Is it "magical" though? Really?
Maybe I just don't like that word very much: magical. It implies fairytale perfection, which is just plain far from the truth pretty much always. Now, I appreciate and enjoy the holidays as much as the next gal; I value them; I enjoy them. But I understand that nothing about them will be imperfect. Like life in general, once we embrace the truth of realistic expectations, we're much freer to be content and grateful for what things are.
That being said, last weekend we decided to brave the California-cold and the crowds to take our two small children to a Christmas festival that promised to be magical.
There were live carolers and an orchestra, with the beautiful holiday music piped across the quaint coastal village. There was snow trucked in and wreaths on every lamppost. And, the real clincher, there was a spectacular fireworks show above the lit-up pier. Red, green, gold, and silver fireworks boomed and sizzled above the dark waves, timed carefully with the music. Are you thinking magical yet?

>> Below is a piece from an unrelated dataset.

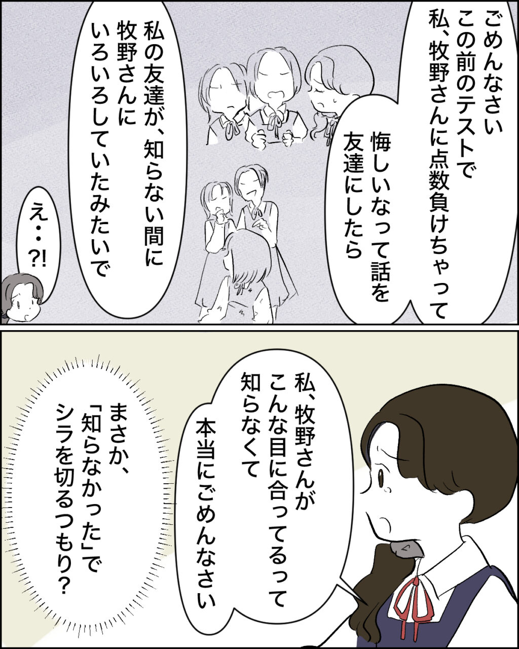 なんと風見さんは、いじめは自分ではなく「友達が知らない間にやっていたこと」にすり替えようとしたのです。自分はただ負けて悔しかったと言っただけで直接手を下したわけではない、そう主張する彼女を前に、私は思わず言葉を失いました。まさかこの場に及んで、「知らなかった」でシラを切るつもりなの!?

Well, you shouldn't be, because actually, it went something like this:
Parking was so difficult my husband dropped off: me, 2 kids in full winter gear, 4 blankets, 2 water bottles, 1 large purse (when it's bigger than a watermelon, is it still a purse?) full of snacks that will spill into a sticky mess, and 1 dinky stroller, and he drove literally to the next town before he found a parking space. We'll skip the sled run and bouncers because the lines are queued down the street. We'll find a spot to picnic on the sand and enjoy the music and atmosphere. We'll cuddle under fleece blankets and eat sandy popcorn and smashed Junior Mints from the bottom of my watermelon-of-a-purse.
Then, my 2-year old will have her only potty accident of the month and pee right through the two pairs of pants, long socks, and boots she is wearing. We'll improvise to keep her clothed and warm.
Just before the fireworks are scheduled to begin, my husband will have to leave to start the trek to pick up our car before the parking meter runs out. It's back to me, bundled kids, and too much stuff.
The blinking holiday lights lining the pier go out and we see the first firework streak into the black sky. The moment we've been waiting for! My 5 year-old leans into me with a grunt, "I really have to go to the bathroom. I can't hold it anymore!"
Hold it anymore? I asked him if he had to go at the restaurant. And then again when we passed the bathrooms by the pier. And then again 10 minutes ago, before the show started. NOW?
I try to make him wait. I stare at the massive pops of light now filling the dark sky and fizzling into the ocean. I smile at my pee-soaked little girl wrapped in a blanket, as she points, cheers, and drops her tiny jaw in awe at the spectacle.
Meanwhile, my son is grunting, whining, shifting. "Really. Have. To. Go."
And so I pack everything up. I try to maneuver the too-full stroller around people, chairs, and splayed blankets, across the sand. Thankfully, a women next to us gets up and helps me, missing the show herself to grab the front of my stroller and help carry it through the crowded sand, to the sidewalk. That is kindness at it's best! Maybe this is a magical evening after all.
The fireworks are at our back as we rush to the nearest bathroom. While he pees, the show ends.
We march down the sandy sidewalk with the parade of hundreds of other people. Stairs. There are 5 stairs between me and the street I need to get up to. I stop and stare at them as people rush past.
I give it a go and ram the stroller, with my baby and overflowing supplies in it - up the ominous cement, making it to the third step. Just as I'm about to try and Heeman-heave it up the rest of the way in what would have probably been an embarrasing fail, a man from the throngs of passerbyers stops and asks to help me. Yes! I want to hug him.
I take everything back. Admittedly, I'm irrationally angry at my 5-year old for making us miss the show and feeling a bit like I might never leave the house again. And yet, there was some magic - some real holiday goodwill that warmed my heart.
Merry Christmas. Have a magical holiday.
Oh, you are always so brave, leaving the house and trying new things!